In het huidige digitale tijdperk evolueert de manier waarop bedrijven met consumenten communiceren snel. Met de komst van generatieve AI en tools zoals chatbots, is het volume van conversational data klaar om omhoog te schieten. De wereldwijde artificial intelligence conversatiemarkt, die nu al een miljardenbusiness is, zal naar verwachting stijgen van $10,7 miljard in 2023 tot $29,8 miljard in 2028. Deze verschuiving gaat over meer dan technologie; het gaat over het verbeteren van de consumentenervaring door deze persoonlijker en betekenisvoller te maken.

De opkomst van conversationele data

Om te slagen in de huidige, sterk concurrerende bedrijfsomgeving, moeten bedrijven zorgvuldig samengestelde ervaringen aan consumenten leveren. Transactionele uitwisselingen zijn niet langer voldoende; in plaats daarvan willen bedrijven hun klanten beter begrijpen en met hen in gesprek gaan op een manier die op persoonlijk niveau aanslaat. Deze toewijding heeft geleid tot het creëren van first-party data middelen die een uitgebreid 360-graden beeld van elke consument geven. Dit beeld omvat alles, van lidmaatschapsinformatie tot eerdere transacties, van websitegedrag tot app-interacties.

Om deze enorme hoeveelheid data te begrijpen en waardevolle inzichten te krijgen, hebben bedrijven zich gewend tot consumenten data platforms (CDP's). CDP's centraliseren, slaan op, verwerken, verrijken en activeren data zodat het kan worden geïntegreerd in meerdere consumentencontactpunten om een naadloze klantervaring te creëren.

Maar er ontbreekt een belangrijk stuk in dit 360-graden beeld: conversationele data. Ondanks het rijke potentieel wordt data van callcenters, virtuele assistenten, chatbots en platforms zoals WhatsApp Business Accounts vaak over het hoofd gezien.

Generatieve AI: de spelwisselaar

Generatieve AI zal dat veranderen. Het stimuleert niet alleen de groei van conversationele data, het verandert ook de manier waarop we het analyseren en gebruiken. Een van de redenen waarom conversationele data op een zijspoor is gezet, is de inherente complexiteit ervan. Omdat het voornamelijk tekst data is, vereist het specifieke technieken voor natuurlijke taalverwerking. Eerdere modellen hadden moeite om zinvolle informatie uit conversaties te halen.

Maar het landschap is geëvolueerd. Met de opkomst van grote taalmodellen (LLM's) is het vermogen om de context van berichten te begrijpen enorm verbeterd. Deze modellen kunnen nu relevante informatie extraheren met een nauwkeurigheid die voorheen onbereikbaar was. Ga maar na: merken hebben aanzienlijke middelen besteed aan het ontwikkelen van productaanbevelingsmachines. Deze engines vertrouwen op consumentenprofielen, eerdere transacties en browsegeschiedenis om hun suggesties te doen. Stelt u zich nu eens voor hoe diepgaand het inzicht is dat u kunt verwerven door conversationele data in deze modellen te integreren. De verkregen inzichten zouden kunnen resulteren in nog nauwkeurigere en persoonlijkere aanbevelingen.
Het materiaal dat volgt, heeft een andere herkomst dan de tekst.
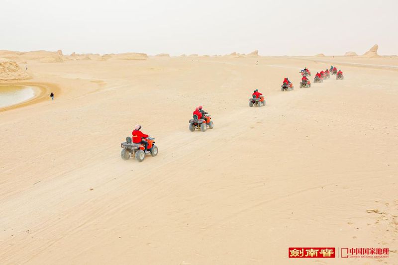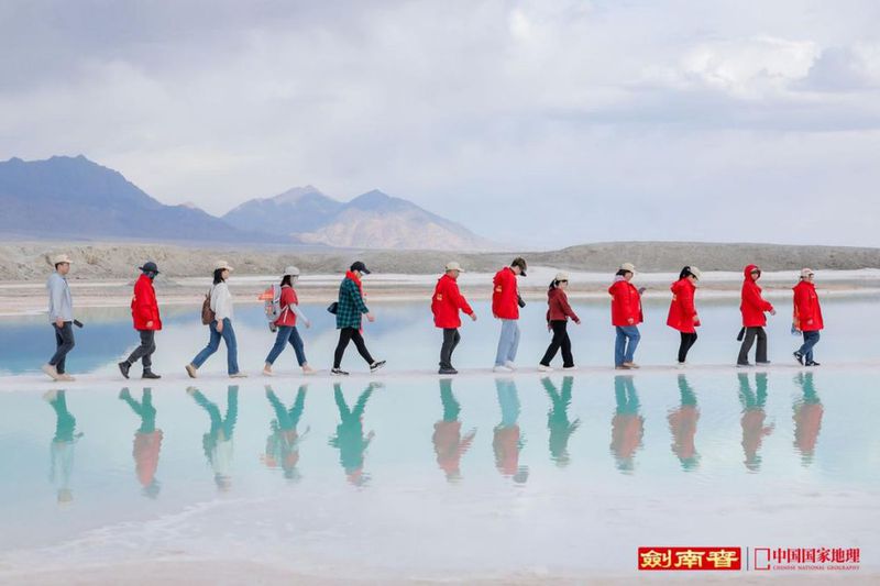 在中国最大的盐湖,也是世界上最著名的内陆盐湖之一的察尔汗盐湖,身着红色团服的成员们争相拍照留念,如一团团火焰在湖边绽放;大柴旦翡翠湖碧绿幽深,自带神秘气息;有“中国的马尔代夫”之称的西台吉乃尔湖宛如世外桃源;穿越俄博梁,进入乌素特雅丹地质公园,成员们目睹了世界最大、最壮观的雅丹群落。高大雄伟的雅丹土丘遍布于湖泊之中,形成全球最早的水上雅丹景观。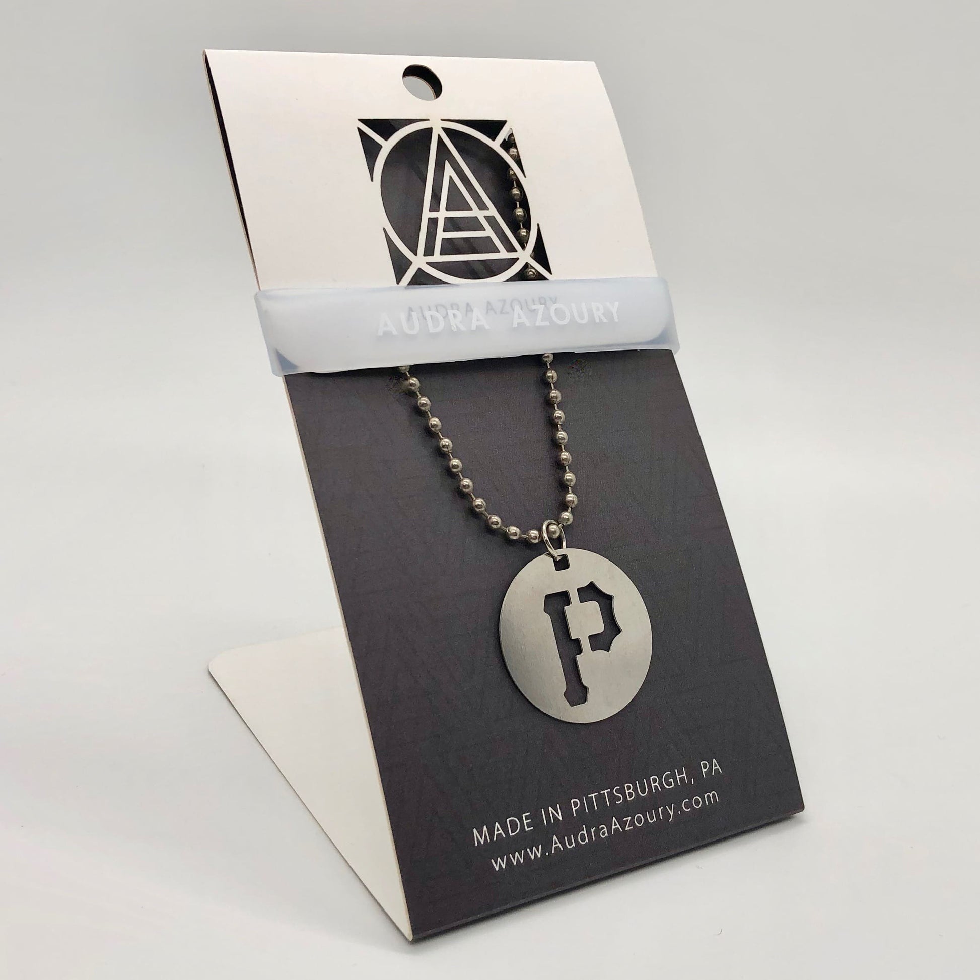 Pittsburgh Pirates P Necklace. Lightweight stainless steel charm will not rust or break. Ballchain is 20" in length and can be easily snipped to a shorter length. Designed by local artist Audra Azoury.

Het juiste conversatiegesprek ontwerpen

Het benutten van de kracht van conversational data begint met het ontwerpen van het juiste conversational journey. Dit traject bestaat uit twee cruciale onderdelen:

  • De consument centraal: In de kern moet het traject ontworpen zijn om de behoeften van de consument te begrijpen en eraan te voldoen. Het moet de informatie of service bieden die ze tijdens het gesprek zijn gaan verwachten. In een tijdperk waarin privacy hoog in het vaandel staat, moet het traject bovendien voldoen aan de data regelgeving voor het verzamelen van gegevens.

  • Technische integratie: Op technisch vlak is het belangrijk om de juiste tools te integreren om het conversatietraject te vergemakkelijken. Dit omvat sjabloonberichten, generatieve AI-interacties en communicatie met verkoopadviseurs. Het doel is om naadloos data te verzamelen en te integreren met de bredere 360-informatie van de consument.

Het potentieel van conversatie herkennen data

Aangezien bedrijven ernaar streven om meer gepersonaliseerde ervaringen te leveren, is de integratie van conversational data in hun consumentgerichte use cases niet alleen voordelig, maar ook essentieel. Dankzij de vooruitgang op het gebied van generatieve AI en LLM's verdwijnen de barrières die conversatie met data ooit moeilijk maakten snel. Het is tijd voor organisaties om het potentieel van conversationele data te omarmen en te integreren in hun strategieën, zodat ze in de voorhoede blijven van de betrokkenheid van consumenten in het digitale tijdperk.